Knock at the Cabin Movie Review

While on vacation in an isolated cabin, a family of three is unexpectedly taken captive by four strangers who demand they sacrifice one of their own to save the end of the world.




Knock at the Cabin, based on Paul G. Tremblay’s 2018 novel The Cabin at the End of the World, is M. Night Shyamalan’s latest venture and a film that I enjoyed watching in an empty theatre. While I liked the theatre experience, there were definitely portions of the film that I did not like.


The performances of Dave Bautista and Kristen Cui are unquestionably the highlights of the film. Both of them do an excellent job in their roles, and they contribute the most to the plot, along with Jonathan Groff and Ben Aldridge, who plays Kristen Cui’s parents in the film. In addition, I enjoyed M. Night Shyamalan’s cameo as an infomercial host, who also served as this movie’s writer and director.

I enjoyed Dave Bautista as Leonard because, despite his size, he plays it in a really peaceful manner, as if he’s talking to children, which makes sense since he claims to have reached young kids in the film, which I found quite entertaining.

Kristen Cui was fantastic as Wen. She makes a contribution to the plot, provides some assistance, and is not merely a bystander. She had a significant role in this movie, which I thoroughly appreciated.

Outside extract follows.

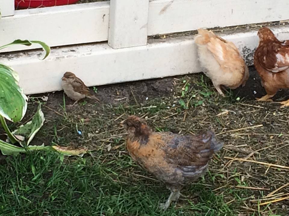 Conrad and crew got yard time today, too. I am quite excited to announce he has begun to crow! its quite funny, but he is getting there. I dont have any fancy camera with zoom besides my iphone, so I am struggling to get good close up shots. I would love to show you guys some nice shots of Conrad. He is getting so handsome but wont let me get close..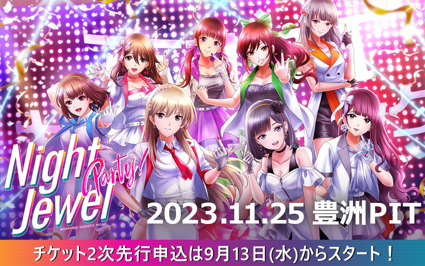 株式会社ボルテージは、11月25日(土)に豊洲PITで開催される「六本木サディスティックナイト」のライブイベント「Night Jewel Party!」のチケット2次先行申込の受付を開始しました。

I liked how everyone dealt with their circumstances. It’s convincing enough that I got caught up in it. I was often questioning if the four strangers were speaking the truth or whether they were just insane. It isn’t until towards the climax of the film that you find out what you need to know, and I appreciate how the film’s writers managed to keep the mystery going for so long.


Rupert Grint, well known for his role as Ron Weasley in the Harry Potter film series, has a minor part in this movie. He’s the first person to be eliminated, which upset me because I had hoped to see more of him in this film.

My main issue with the film is that you don’t feel emotionally attached to the characters. Despite the excellent performances of everyone involved, none of the characters had any emotional impact on me. I felt nothing when anything happened to any of them.

One part of the film that irritated me was that just as I was getting engrossed in the main plot, the film would transition to the parents’ backstory. The entire narrative is done in this fashion, where just as you’re getting into the main plot, it cuts to their past and then we’re thrust back into the main story. As a result, I wasn’t as involved as I should have been since cutting to the flashback pulls you out of the immersion when you’re just getting into the main plot.

One of M. Night Shyamalan’s gimmicks that I find incredibly irritating is that the characters speak directly into the camera, which is bearable until extreme close-up shots are utilized. There’s a moment in the film where the camera zooms in on Dave Bautista’s mouth and I’m not sure why. This trope is featured in almost all of Shyamalan’s films, to the point that it’s become his signature, but it’s a very annoying signature to me. It’s one of the reasons I’m hesitant to see a Shyamalan film in theatres because it irritates me to watch it on the big screen.


Despite my issues with the film, I did like it to some extent. It wasn’t really memorable, but I can see people enjoying it on an OTT platform. I just would not recommend going to see this in the theatre since it has no rewatch value. This film is better suited to lovers of psychological thrillers and is worth watching if it is accessible on an OTT platform.